In Manila, theory tends to override reality because so much of whatever gets done happens at a distance from the capital and “farm news” is far from the most popular aspect of media. The government stands at the intersection of top- down and bottom-up development—and it is often a lonely post. But to make the metaphor concrete, there is a physical intersection—the Farm-to-Market Road (FMR). FMRs get mentioned in this column almost every time rural poverty is discussed, yet the words themselves can lose their meaning.

FMRs are the means whereby bottom-up and top-down development ultimately intersect. They are the concrete means for making possible the circulation of goods and labor at the heart of economic development.

Though their potential is far greater, small farmers currently contribute to export industries like coconut oil, Cavendish banana, mango, and pineapple. They are hampered, however, not only by the lack of FMRs, but also by the lack of other means of infrastructure, like electricity, water, and communications. This state of isolation makes it difficult for small farmers to feed their families and earn a living by tilling the land. FMRs translate into the efficient transport of farm produce, and increasingly fair market prices and profits.

Brgy. Lapulubao in Hagonoy—a third-class municipality in Davao del Sur—is one place that sorely needed a Farm-to-Market Road. Hagonoy, with a 2010 census population of 49,107 is—along with nearby Magsaysay and Digos City—identified as an ASAPP priority area because of the 111,655 of poor households found there. Hagonoy, with a land area of only 114.28 square kilometers is a relatively small municipality, representing only three percent of Davao del Sur’s land area. Brgy.

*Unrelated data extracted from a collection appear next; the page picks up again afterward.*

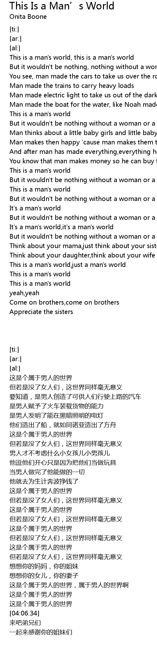 It's a man's world,it's a man's world |
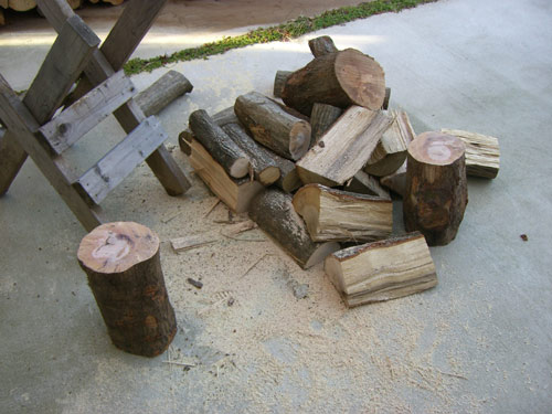 削り屑は腐らせて分解して畑の土に戻します。薪は完全燃焼するので大きな薪でも白い灰が少し残るくらいです。
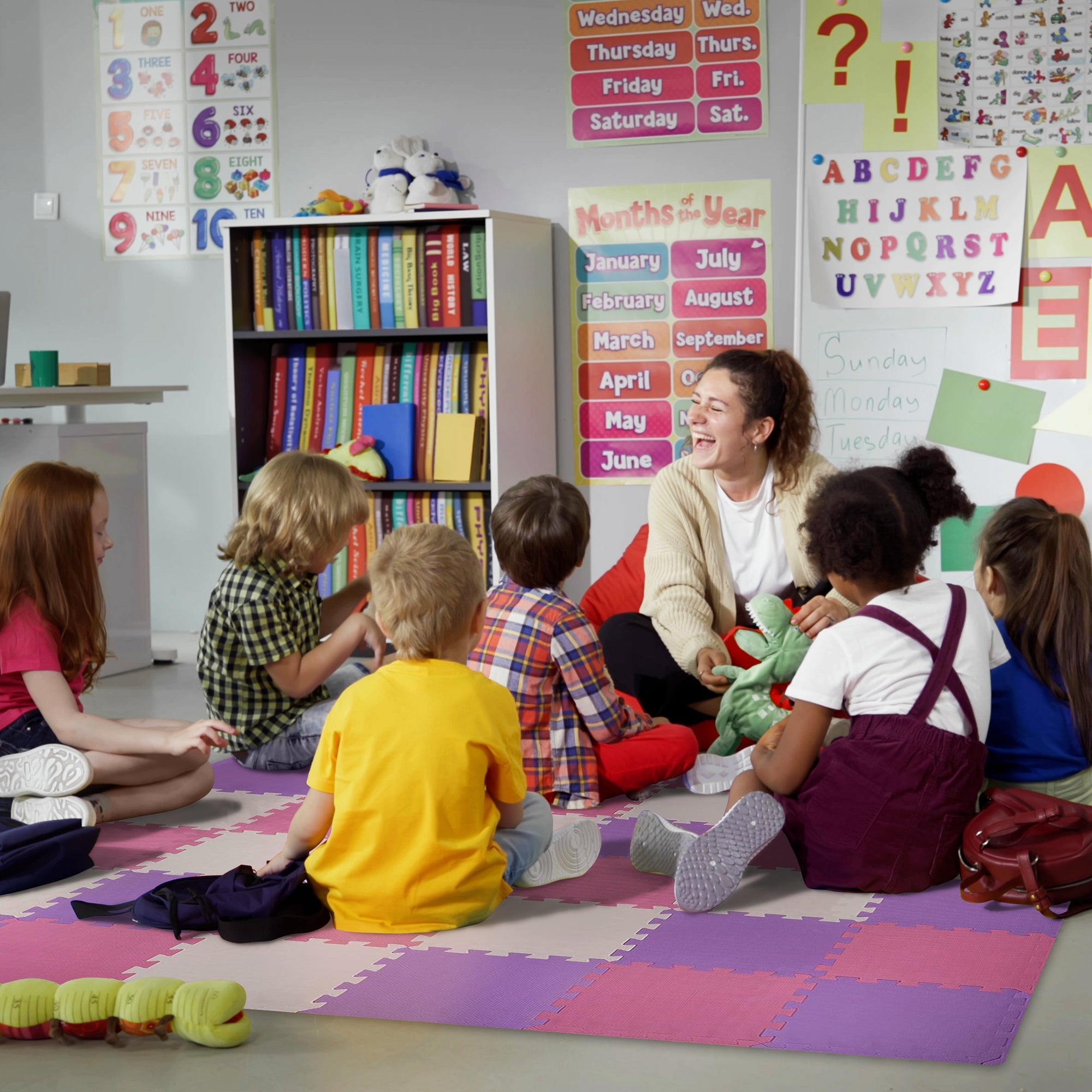- Com esquema de cores em rosa, roxo e bege, este pacote de tapetes interligados cobre até 16 pés quadrados de espaço de jogo, com cada peça medindo 1 pé quadrado

Lapulabao’s farmers have faced production shortfall and post-harvest loss because they lack good roads.

In the words of farmer Florentino Algones, “We could hardly transport our produce, especially during the rainy season… Before, it was difficult to transport our produce as the bumpy roads affected the quality of our goods. We also needed to contract a hauler who charged us a hefty price.”

The LGU addressed this need by proposing the rehabilitation of the village’s FMR. Funded under the government’s Bottom-Up Budgeting (BUB) program, the Department of Agriculture in Region XI expedited the implementation under ASAPP.

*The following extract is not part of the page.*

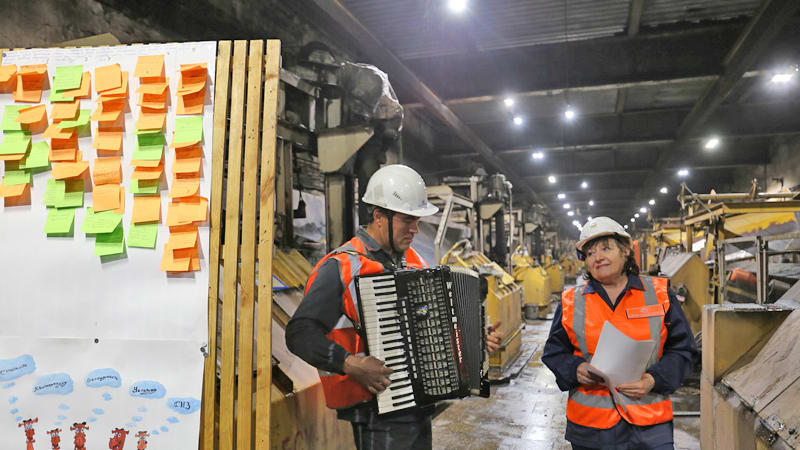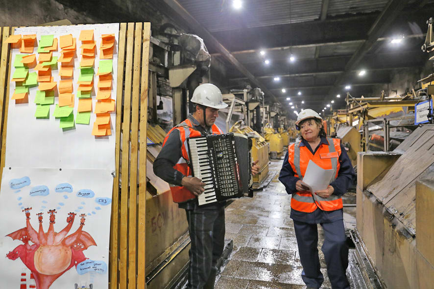 Топливно-транспортный цех сделал ставку не столько на количество улучшений в области охраны труда, сколько на их подачу – у конвейера, по которому идёт уголь, комиссию встречают частушками под аккомпанемент аккордеона. Смысл тот же, что и у стендов или наглядной агитации: «Вижу в цехе нарушенье – срочно сделал сообщенье. Вот он, злостный нарушитель, – должен знать руководитель».

According to Lapulabao Brgy. Captain Roger Monteza, the P4-million, 480-meter FMR rehabilitation—started in December 2014, completed July 2015—has significantly improved the community’s economy. Though making virtually no media splash, it nonetheless has facilitated the transport and delivery of goods and farm inputs such as seeds and fertilizers. “These increased our agricultural production. As a result, the profits and livelihood for our farmers have greatly improved,” Monteza said.

Hagonoy Municipal agriculturist Felix Bariquit confirms the increased profits of the farmers traversing the FMR project. “During the implementation up to the road completion, the Department of Agriculture has been very active in monitoring the project,” Bariquit notes. “We are very thankful to the agency and to the project as it has alleviated the poverty incidence of this municipality.”

Hagonoy farmers themselves testify to the improved transport of both goods and services—agricultural and non-agricultural—due to the rehabilitated FMR. Significantly, it also improved mobility of people—giving them better employment opportunities within and outside the area—while improving access of farmers, fishers and residents in the area to basic services, such as education and health. The connection of farms and coastal areas to main roads also adds the potential of promoting agro-tourism. 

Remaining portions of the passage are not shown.